Audit Logs in Apache Kafka

When working in an Apache Kafka cluster, you will encounter various scenarios where you need to troubleshoot and fix the problems or optimize the functionality of the Kafka cluster.

This is where the log auditing come into play. In this tutorial, we will walk you through the process of log auditing in Apache Kafka in a manual technique. Learning how to read and interpret the Kafka logs manually can help you understand the functionality of your cluster and how it works. It can also allow you to quickly automate the log audit process using automation tools such as Elasticsearch.

What Is Log Auditing?

Let us start with the basics and discuss what log auditing is. We can define the log auditing as monitoring and collecting the log data, typically from various sources such as servers, applications, and network devices, to identify the security incidents, troubleshoot issues, and maintain compliance with requirements.

Once we collect the log data, we can analyze it and attempt to find any issues or inconsistencies based on a given set of rules. It also allows us to find suspicious or malicious activities in the server such as locating password brute forcing and more.

Log Auditing in Kafka

In Kafka, we might require the functionality of a log audit to perform various actions. In Kafka, log auditing can be used for several purposes including the following:

Security monitoring – We can use the log auditing to collect and analyze the logs from Kafka and its components. We can then use this data to identify and respond to security threats and suspicious activities such as unauthorized access attempts or data breaches.

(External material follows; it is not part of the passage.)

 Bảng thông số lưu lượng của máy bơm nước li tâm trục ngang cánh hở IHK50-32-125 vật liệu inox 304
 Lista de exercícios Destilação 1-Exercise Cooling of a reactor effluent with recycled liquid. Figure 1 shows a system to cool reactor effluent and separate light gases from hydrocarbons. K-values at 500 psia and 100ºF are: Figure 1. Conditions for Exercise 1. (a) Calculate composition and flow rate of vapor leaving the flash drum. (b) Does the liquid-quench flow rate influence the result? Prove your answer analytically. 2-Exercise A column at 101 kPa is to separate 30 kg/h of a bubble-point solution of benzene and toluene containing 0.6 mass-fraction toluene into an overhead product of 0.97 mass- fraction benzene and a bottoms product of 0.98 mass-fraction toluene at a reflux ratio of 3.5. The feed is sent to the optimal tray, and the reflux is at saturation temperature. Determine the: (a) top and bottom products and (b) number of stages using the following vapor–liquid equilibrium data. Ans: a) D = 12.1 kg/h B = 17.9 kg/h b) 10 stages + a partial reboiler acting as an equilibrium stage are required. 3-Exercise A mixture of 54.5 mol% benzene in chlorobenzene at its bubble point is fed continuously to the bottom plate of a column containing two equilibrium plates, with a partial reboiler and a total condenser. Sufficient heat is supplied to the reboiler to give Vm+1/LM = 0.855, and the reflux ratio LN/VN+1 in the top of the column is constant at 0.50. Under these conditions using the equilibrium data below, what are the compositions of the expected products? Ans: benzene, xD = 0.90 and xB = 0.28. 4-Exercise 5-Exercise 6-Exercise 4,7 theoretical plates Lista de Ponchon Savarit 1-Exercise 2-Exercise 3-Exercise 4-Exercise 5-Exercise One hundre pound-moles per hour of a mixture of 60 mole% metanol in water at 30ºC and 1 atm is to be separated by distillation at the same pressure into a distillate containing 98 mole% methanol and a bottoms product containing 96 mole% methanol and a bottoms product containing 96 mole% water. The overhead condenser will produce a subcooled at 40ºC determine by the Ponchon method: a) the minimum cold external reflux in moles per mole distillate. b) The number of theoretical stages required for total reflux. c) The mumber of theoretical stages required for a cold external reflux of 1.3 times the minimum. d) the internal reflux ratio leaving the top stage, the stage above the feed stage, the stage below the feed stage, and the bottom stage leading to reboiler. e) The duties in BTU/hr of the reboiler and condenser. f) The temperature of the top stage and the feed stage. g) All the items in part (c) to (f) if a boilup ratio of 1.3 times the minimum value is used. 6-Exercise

Troubleshooting – The second most common use case of log auditing is diagnosing the problems with Kafka by providing a detailed view of its operations and performance which can aid in identifying the root cause of issues.

Performance tuning – Another typical case of log auditing is getting the valuable insight into the performance of Kafka including the rate of data production and consumption, the rate of messages being processed, and the utilization of resources such as disk and memory. We can then leverage this information to create tools and techniques on how to enhance the performance of Kafka.

Important Logs in Kafka

Although the log files that are available in your Kafka cluster will vary depending on the installed version, the following are some log files that you will find useful in your cluster:

server.log – As the name suggests, this log file contains the log messages for the main server. This includes the log messages to start and stop the Kafka server. Depending on the set log level, it may contain messages such as configuration and errors on the server.

controller.log – The following log file that you need to be aware of is the “server.log” file. This log file holds the log information about the actions of the Kafka controller including changes to partitions and replicas.

kafka-request.log – This log file, on the other hand, is used to handle the log information about the client request that comes to the Kafka broker. This includes information such as the client type, client ID, response code, etc.

state-change.log – This log file stores the logs about the changes that are made to the partitions, brokers, replicas, etc.

zookeeper.gc.log – This log file is used to store the log information about the Zookeeper manager.

The given log files are some logs that you need to familiarize yourself with to read and audit the logs from the Kafka server.

By default, these log files are stored in the KAFKA_HOME/logs directory.

Reading the Log Files

The main component of log auditing is learning to read the log files. The good thing is that Apache Kafka uses the log4j log formatting. This means that we can easily understand the format from the open documentation.

For this post, we will focus on the “server.log” as it holds the information from the Kafka server. Let us take a look at an example entry from the “server.log” file:

[2023-02-07 02:53:09,718] INFO Registered broker 0 at path /brokers/ids/0 with addresses: PLAINTEXT://v.broker.io:9092, czxid (broker epoch): 25 (kafka.zk.KafkaZkClient)

The previous example is a single entry from the Kafka “server.log” file.

This is what is known as a combined log format. This log format is found in many Apache applications including Kafka and Apache.

The combined log format allows the application to provide a clear and concise log information including the time that the log was generated, the severity of the log message, the content, and the source.

The previous entry contains information such as:

Timestamp – This denotes the time at which the log was written. This follows the YYYY—MM-DD:HH:MM:SS,ms format.

Log Level – The next section denotes the log level that is used to generate the message. In our example, the log level is set to INFO.

Message – The third section shows the log message.

Source – Finally, the last entry shows the source of the log message. In this case, the kafka.zk.KafkaZkClient.

Conclusion

There you have it! An easy way to dissect, read, and understand the log information that is produced by Kafka applications.